Jewsbury urges people to take the coronavirus seriously.
“You don’t want to be that person out there thinking you’re OK, and then people die,” she said.
She said people need to isolate themselves, as the government advises.
“Handwashing and social distancing, all that’s well and good, but how many people are going to think like I did?” Jewsbury said. “Think of all the people walking around with allergies — some of them have could have coronavirus. All it takes is for one of those people to decide they’re OK and they can affect so many people. Everybody’s going to have to shut down.
“If we can only all just do it worldwide, that’s the only way we’re going to stop this,” she continued. “If you can just have allergy symptoms and have it, how are you going to know you have it? Too many people are going to be nonchalant about it. You go to the grocery store.

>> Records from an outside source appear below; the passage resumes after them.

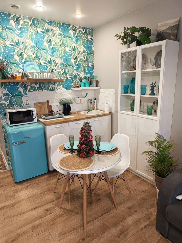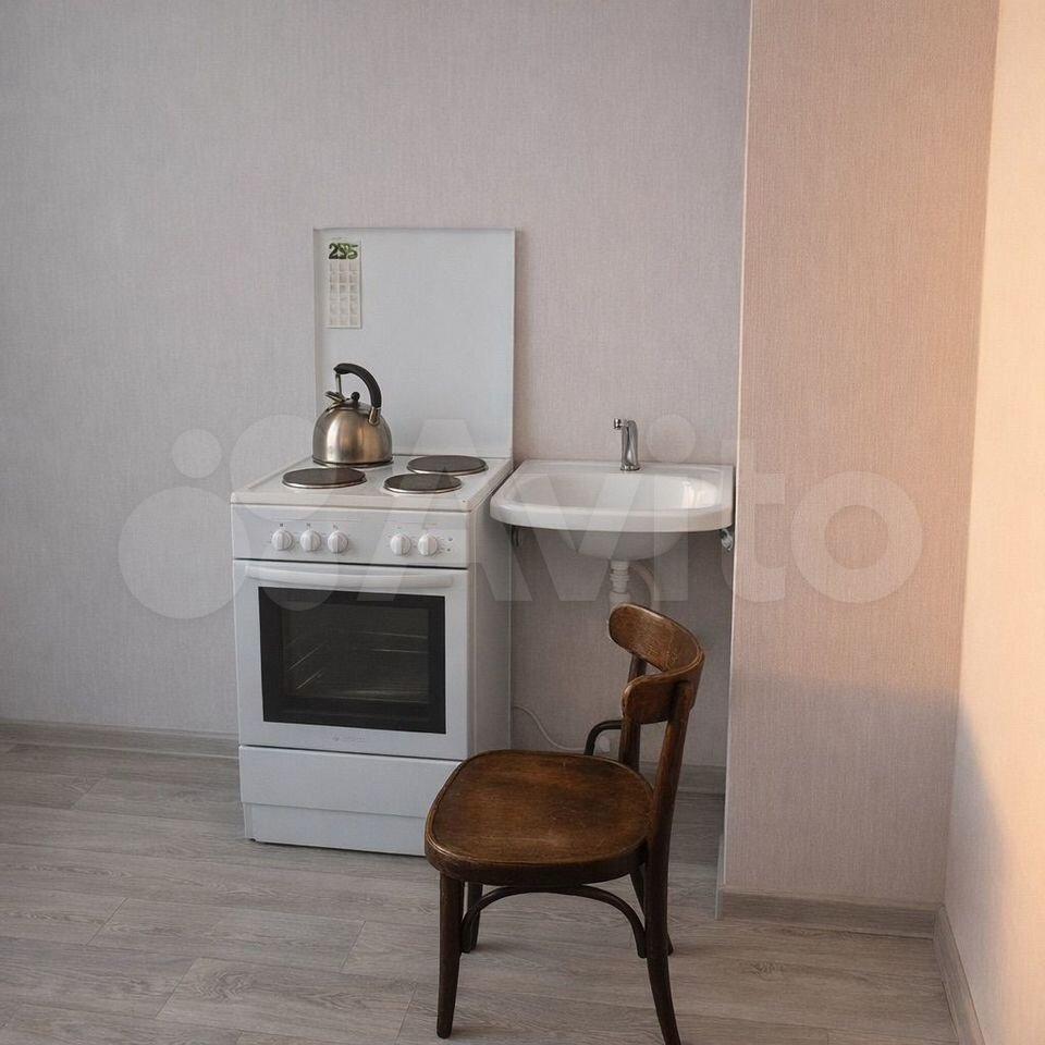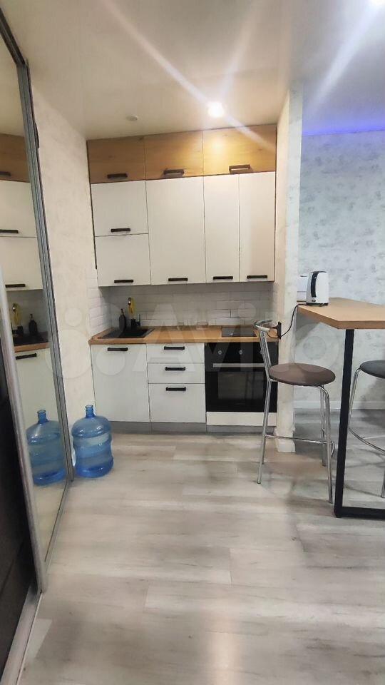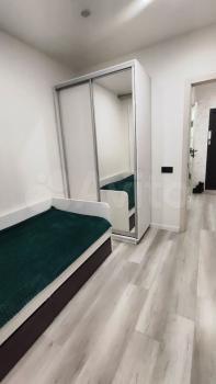 Кухня оборудована необходимой техникой, включая плиту и чайник. Имеется вместительный шкаф для хранения вещей. В комнате установлен удобный диван и шкафы для одежды.
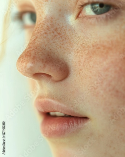 Close-up of a person's face with visible skin texture, showcasing natural imperfections and healthy glow, representing authenticity and self-confidence in beauty.
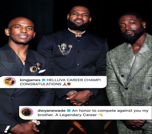 詹姆斯在保羅退役后發推:“無比偉大且成功的職業生涯,恭喜克里斯-保羅!”保羅是2005年進入NBA,他在聯盟打了21個賽季,四次一陣、五次二陣、七次一防、5次搶斷王、6次助攻王、12次全明星。
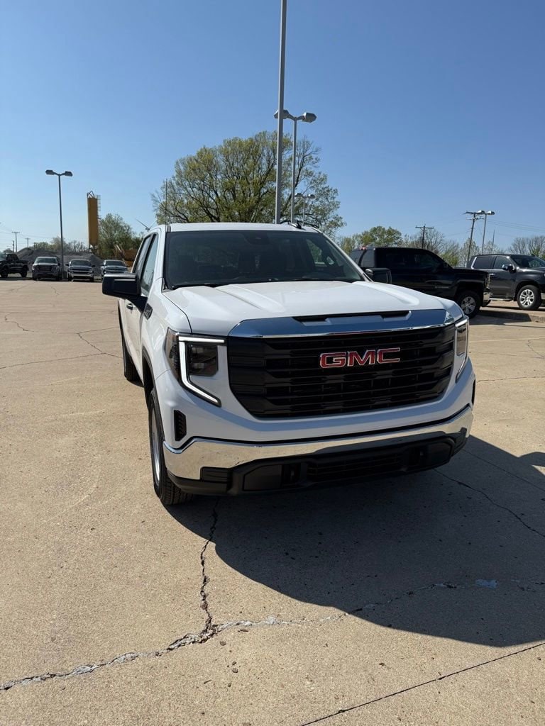 Summit White 2025 GMC Sierra 1500 Pro 4WD 8-Speed Automatic 2.7L I4 Turbocharged DOHC 16V LEV3-SULEV30 310hp 8-Speed Automatic, 4WD, Black Cloth.
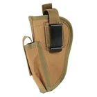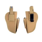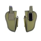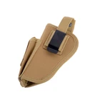 Product Description: Concealed Waist Gun Holder Lightweight Compact Double-Ended Pistol Handgun Pouch Modular Universal Holster Features: 1. Hidden universal holster. 2. It is exquisite, lightweight, durability and portability. 3. It can adjustable, suitable for left or right hand free replacement. 4. It is equipped with safety buckle, fixing belt and a metal clip, which can also be assembled and disassembled as required. 5. The holster can be attached on your waist belt and fasten to your leg. Specifications: 1. Material: Nylon 2. Colors: Black, Khaki, Army Green 3. Size: 20*10.5cm 4. Weight: about 127g Package Included: 1x Universal Concealed Carry Holster Note: 1. All pictures are professionally color-coded, but due to the difference of ambient light and display equipment settings, there may be some deviation between the pictures you see and the objects themselves, please understand. 2. The data is measured manually, and there may be some deviation, but it does not affect the use.
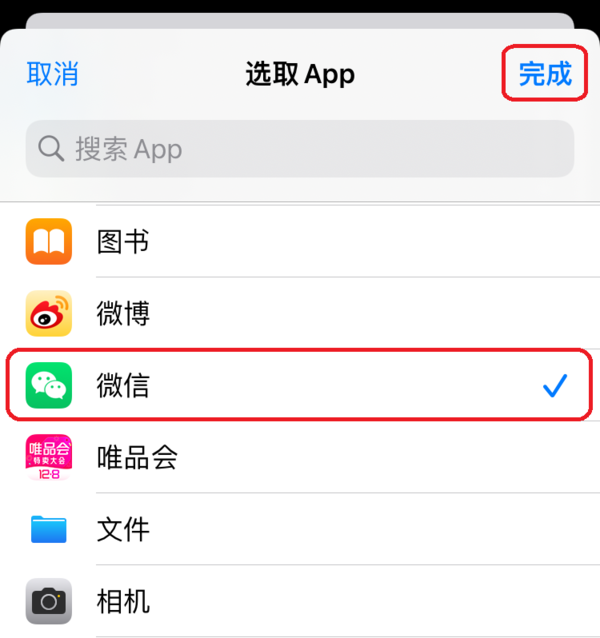 4、接着在选取App界面中,选项【微信】我们更换了图标的应用,然后点击右上角的【完成】按钮。
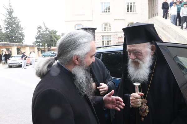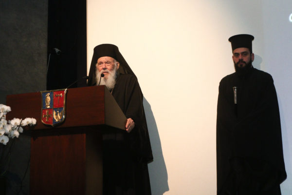 Ο Αρχιεπίσκοπος με την σειρά του εξέφρασε τις ευχαριστίες του για την πρόσκληση και μοιράστηκε λίγες σκέψεις του για αυτόν τον ευλογημένο χώρο του Κολλεγίου, για τον οποίο έχει διαβάσει και έχει ακούσει πολλά. «Είμαι πολύ χαρούμενος που δίνω το παρών σε αυτήν την εκδήλωση αυτού του Σχολείου» υπογράμμισε. Ανέφερε μάλιστα ότι οι εντυπώσεις που έχει αποκομίσει από εκείνους που έχουν ευεργετηθεί από τα Σχολεία και από όλους όσοι εργάζονται σε αυτά του έχουν αφήσει ζωντανές αναμνήσεις. Στη συνέχεια, αναφέρθηκε στην εβδομάδα που προηγήθηκε, κατά την οποία συναντήθηκε με μαθητές από πολλά σχολεία, από τη Θεσσαλονίκη μέχρι τους Λειψούς. Τόνισε μάλιστα ότι οι εμπειρίες αυτές συνέδεαν το πνεύμα των παιδιών με το πνεύμα της σημερινής συνάξεως. Όπως είπε στη Θεσσαλονίκη τον υποδέχτηκαν χίλια διακόσια παιδιά, τα οποία έψαλλαν τους Χαιρετισμούς σε μία γεμάτη εκκλησία, δημιουργώντας μια βαθιά θρησκευτική ατμόσφαιρα.
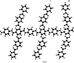 d ~ 3.75 А соответствует расстоянию между идентичными слоями, и его величина определяется толщиной бензольных колец основных цепей и боковых ответвлений с учетом некоторого их отклонения от единой плоскости. Из фрагментов цепей можно в соответствии с полученными структурными данными построить кристаллическую решетку полимера (рис. 36, Зв). Плотность такой упаковки составляет 1.43 г/см3, а макроскопическая плотность таблетки, определенная методом пикнометрического титрования -1.320 г/см3.
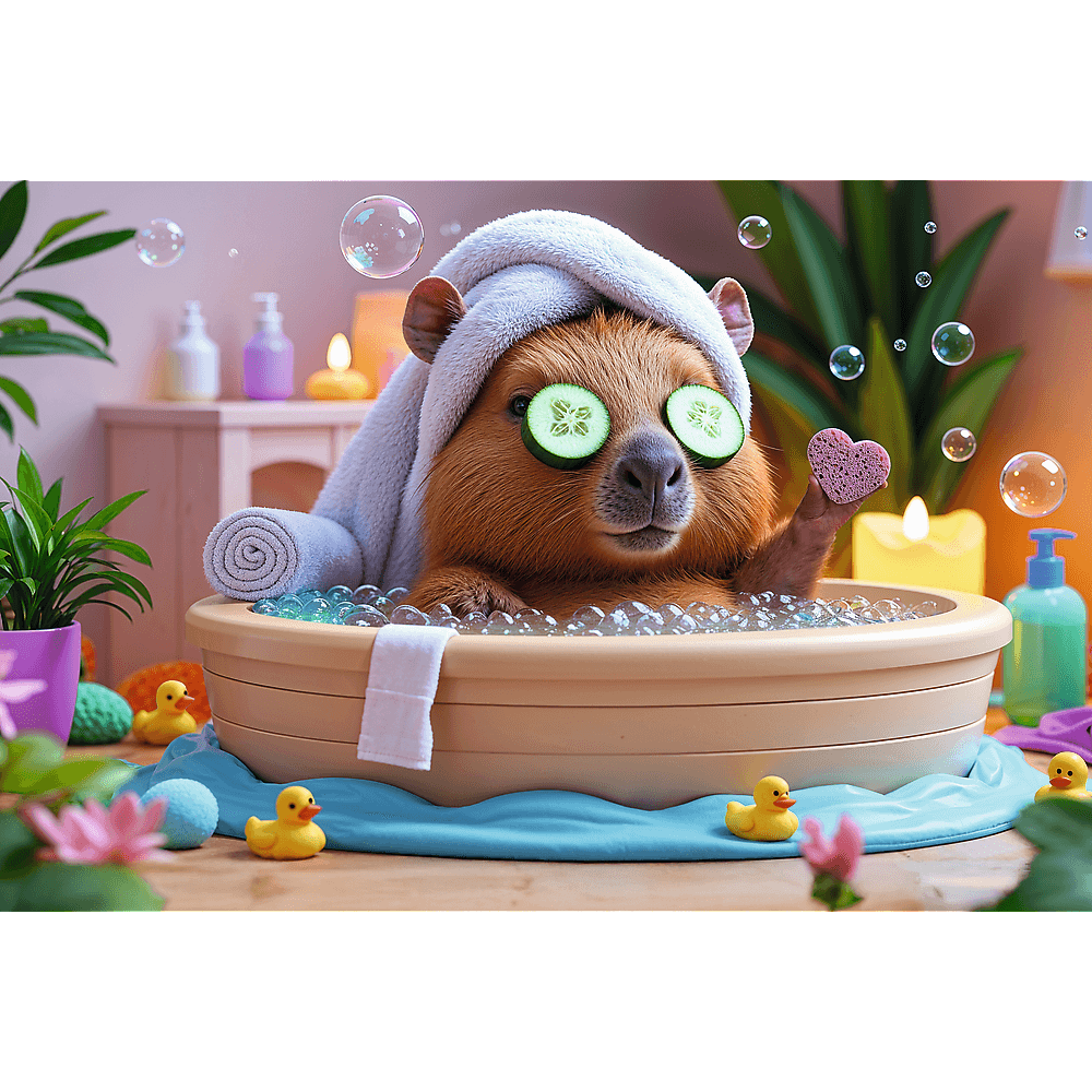 «Капибара в спа» — это пазл из 160 деталей , который порадует юных любителей животных. В собранном виде изображение размером 410 x 275 мм изображает капибару, отдыхающую в домашнем спа.

You come into contact with 10 people and maybe two people get it because of you.”
After learning of his mother’s diagnosis, Pat contacted everybody he’d been in contact with on his trip and told them to quarantine.
“Some are listening to him,” Jewsbury said.
Others don’t seem to be.
“It’s that mentality — ‘I feel OK, so I’m sure I’m fine’ — that’s what’s going to cause an issue,” she said.
Jewsbury said that right now she feels like she has “a really bad head cold without the congestion.”
“My sinuses are super, super stopped up,” she said. “A little stomach upset, a little bit of tightness in the chest. When there’s really bad pollen outside — it’s like that feeling. I would take this over the flu. Other people aren’t doing as well with it.”
She thinks of the coronavirus victims who suffer respiratory failure.
“It could have been me,” she said.
The timing is fortunate — the dental office in Easley where she works has been shut down for several weeks so the owners could complete some continuing education.
“I’ve been home,” Jewsbury said. “I could have been in contact with a bunch of people, but I wasn’t.”
Everyone involved with her case has been “very proactive,” she said.
“The health department’s been in touch with me, the hospital’s been in touch with me,” Jewsbury said. “They’re very on top of it.”
She’s glad she went to the hospital.
“If I’d controlled my asthma attack here at the house … I wouldn’t have thought I was contaminated with it,” Jewsbury said. “You can have this virus and feel fine. Some sites are saying 80 percent of cases have mild symptoms. That’s a lot of people. People aren’t thinking they’re sick and they’re not staying home.”
That’s why isolating is so important.
“We don’t have enough tests to test everybody,” Jewsbury said. “We need everybody to band together and don’t go anywhere for 14 days. That would stop it.”